Lawmakers and local leaders have voiced their outrage after Tennessee Gov. Bill Lee signed a proclamation on Wednesday declaring July 13 "Nathan Bedford Forrest Day."
Forrest, who died in 1877, was a Confederate Army general, slave trader and an early member of the Ku Klux Klan. According to CNN, the proclamation reads, "Nathan Bedford Forrest is a recognized military figure in American history and a native Tennessean."
It’s not a surprise the proclamation received backlash on social media, including tweets from Republican and Democratic lawmakers condemning the celebration of Bedford and the Tennessee law that requires governors to proclaim six dates as "days of special observance."
"This is WRONG," Sen. Ted Cruz tweeted. "Nathan Bedford Forrest was a Confederate general & a delegate to the 1868 Democratic Convention. He was also a slave trader & the 1st Grand Wizard of the KKK."
"We should not be honoring Nathan Bedford Forrest, the first Grand Wizard of the Ku Klux Klan and the perpetrator of the massacre at Fort Pillow," Rep. Steve Cohen of Tennessee posted on Twitter. "Gov. Lee should be bringing #Tennessee into the 21st century not backsliding into the 19th."

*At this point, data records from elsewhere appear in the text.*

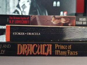 You’ll notice some of the hard-copy research material pictured, the exquisite coincidence of a certain Cthulhu castle in Transylvania, the challenge of layering Tepes over Stoker over Lovecraft et al.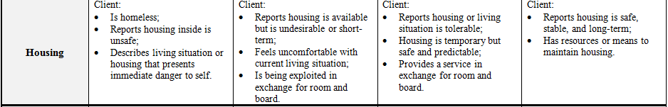 21. HOUSING: Assesses the client’s ability to obtain safe housing based on individual circumstances and local housing availability. Use the SOT-PWI-S or convert your program tool’s assessment measure to the SOT-PWI-S levels of need for this domain.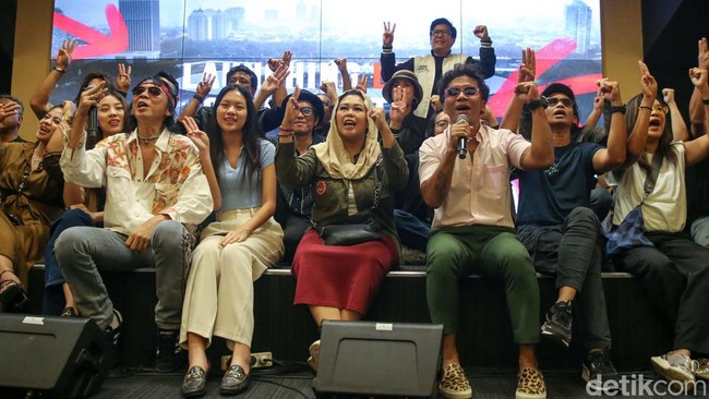 Jakarta - Slank bersama para musisi-aktivis pendukung Ganjar Pranowo-Mahfud Md, meluncurkan single baru berjudul 'Salam M3tal' sebagai bentuk dukungan.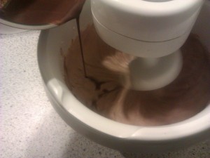 Pour in two cups of cream and one cup of milk and whisk to blend.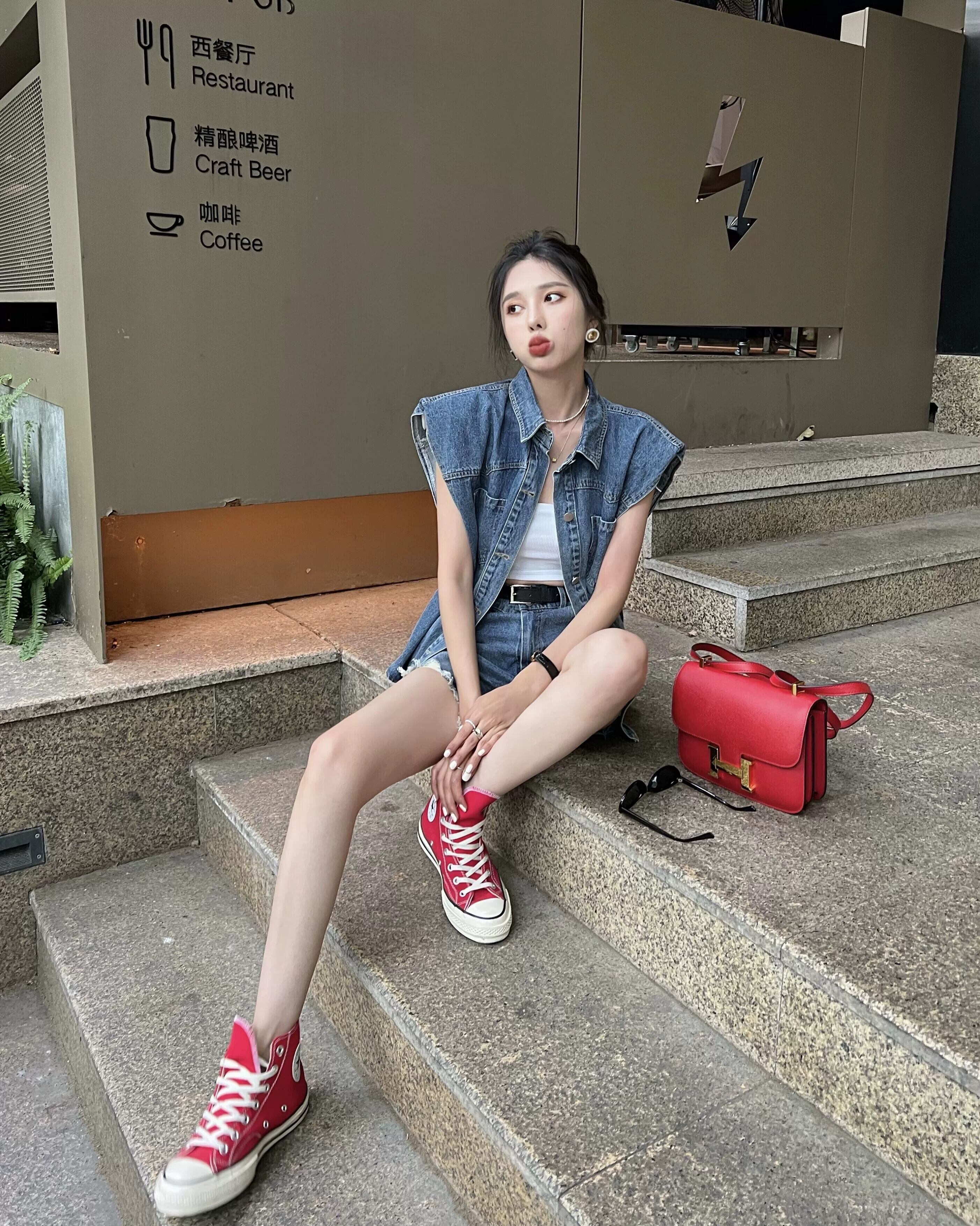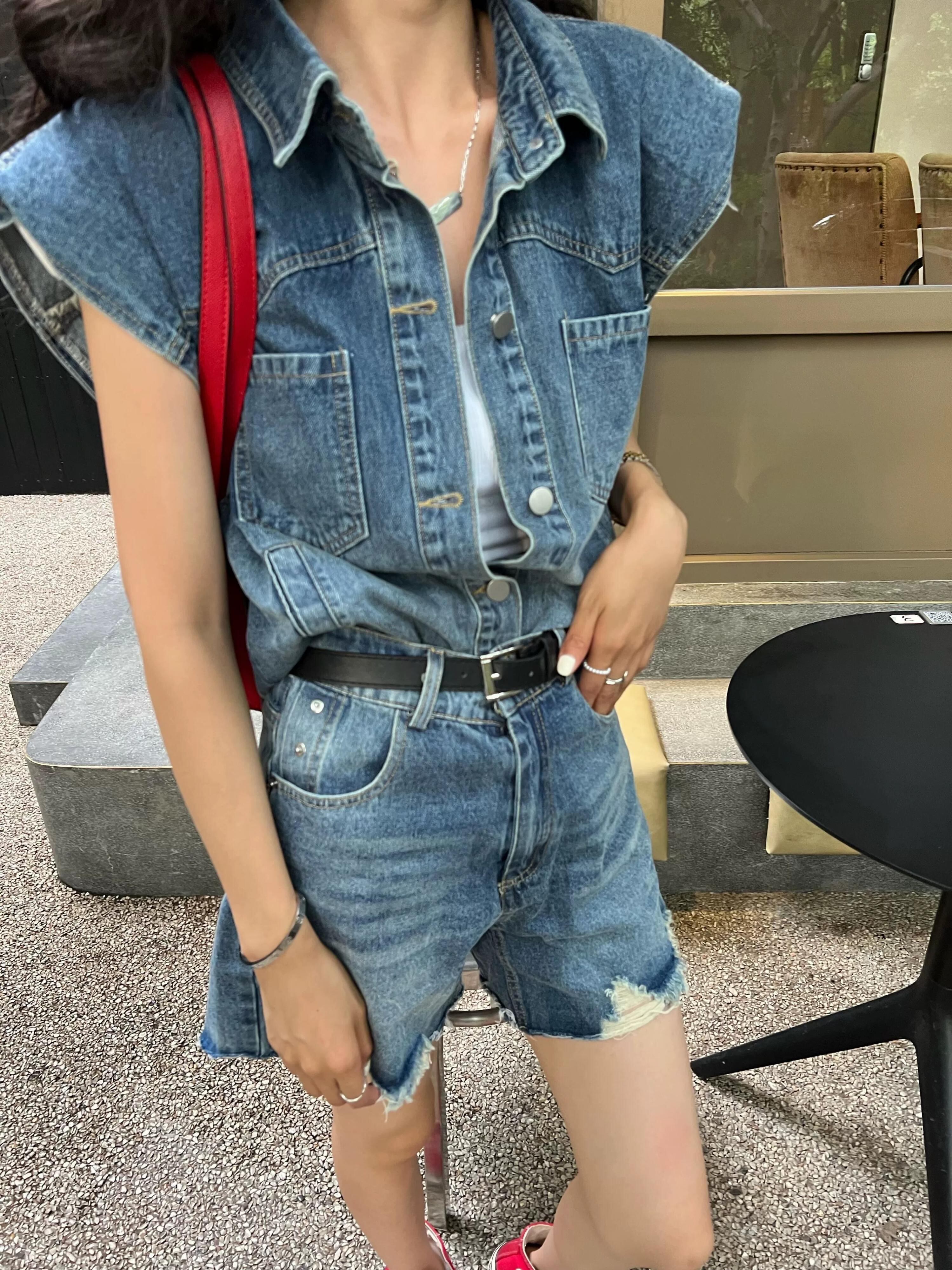 デニムベストジャケット女性の夏服ベストベスト 2023 新しいハイエンドレトロノースリーブベスト サマー 夏物 8571640418383409

In a time when the nation is in a battle to remove Confederate monuments and memorials, others expressed their reasons for being alarmed.
In Thursday’s The Tennessean newspaper, Gov. Lee claims Tennessee law requires him to proclaim July 13 as "Nathan Bedford Forrest Day" but he has no intention of changing it anytime soon, saying,"because the law requires that I do that and I haven't looked at changing that law."
Nathan Bedford Forrest nicknamed, "Old Bed" or "Wizard of the Saddle" was born July 13, 1821 in Chapel Hill, Tennessee.